论文名称：
ViTAE: Vision Transformer Advanced by Exploring Intrinsic Inductive Bias

arxiv网址：
https://arxiv.org/abs/2106.03348

官方代码:
https://github.com/ViTAE-Transformer/ViTAE-Transformer

前言：

无意中在paperswithcode__image-classification-on-imagenet-real

看到ViTAE-H 以 644M大小参数量，取得91.2%Acc，效果排在前二（截至至2022-09-25）
固对此模型感到有点兴趣，因而产生了此文章。

读文章前几问:

研究的是什么？
具体的实现方法？
为什么这样做？
贡献以及局限性？

本文分为如下三部分

1.论文中部分片段阅读
2.模型架构大致讲解
3.模型的具体实现（取自官方github代码）

论文部分片段阅读

Abstract

1.作者首先夸 transformer架构可以很好处理长序列数据，主要原因是注意力机制的使用。

Transformers have shown great potential in various computer vision tasks owing to
their strong capability in modeling long-range dependency using the self-attention
mechanism

然后指出缺点：transformer架构缺乏 建模局部视觉结构和处理尺度变化能力。
导致transformer架构训练需要大量数据集和长时间训练，去学习IB能力。
IB： inductive bias (归纳偏置)
Vision transformer 相比 CNN，要少很多图像特有的归纳偏置。
CNN 的归纳偏置有多种，例如locality （局部性）和 translation equivariance（平移等变性）

locality ：CNN用滑动窗口在图片上做卷积，距离近的物品相关性越强。
translation equivariance ： f(g(x))=g(f(x)) f: 平移 g:卷积。无论先做平移还是先做卷积 , 最后结果一样。

Vision transformers treat an image as 1D sequence of visual tokens ，Lacking an intrinsic inductive bias (IB) in modeling local visual.
Alternatively, they require large-scale training data and longer training schedules to learn the IB implicitly.
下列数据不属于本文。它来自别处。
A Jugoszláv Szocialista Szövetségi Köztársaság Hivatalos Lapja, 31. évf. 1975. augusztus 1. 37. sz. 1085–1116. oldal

然后作者提出ViTAE( Vision Transformer Advanced by Exploring intrinsic IB from convolutions) 模型
并指出，优点一：金字塔特征提取模块有助于丰富不同尺度信息。

ViTAE has several spatial pyramid reduction modules to downsample and embed the input image into tokens with rich multi-scale context by using multiple convolutions with different dilation
rates.

优点二：卷积层与多头注意力机制并行（多分枝结构），融合了两者优点（IB 和全局信息的关联性质）。
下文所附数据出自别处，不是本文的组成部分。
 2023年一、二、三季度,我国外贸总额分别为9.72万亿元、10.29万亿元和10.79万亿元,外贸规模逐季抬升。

ViTAE has a convolution block in parallel to the multi-head self-attention module, whose features are fused and fed into the feed-forward network. Consequently, it has the intrinsic locality IB and is able to learn local features and global dependencies collaboratively

1. Introduction （讲故事背景）

第一大段：

作者谈及transformer，首先夸transformer在NLP领域的效果好，主要是其中的注意力机制，并引出transformer在CV方面的经典模型–ViT。最后指出ViT由于缺乏IB，导致需要大量数据集和大量训练时间。

第二大段：

作者谈及CNN，指出CNN具有IB（归纳偏置）的特性，进而具有如下优点：
1.擅于提取局部特征

Convolution that computes local correlation among neighbor pixels is good at extracting local features such as edges and corners.

2.CNN由于卷积的优势，可以提取多尺度的特征。

CNNs have a hierarchy structure to extract multi-scale features at different layers

同时，作者认为CNN也有个缺点：CNN不能很好处理远程依赖关系
然而这个缺点确是transformer的优点

CNNs are not well suited to model long-range dependencies , which is the key advantage of transformers

于是作者提出疑问：
是否可以通过利用CNN好的特性来提升transformer？

Can we improve vision transformers by leveraging the good properties of CNNs?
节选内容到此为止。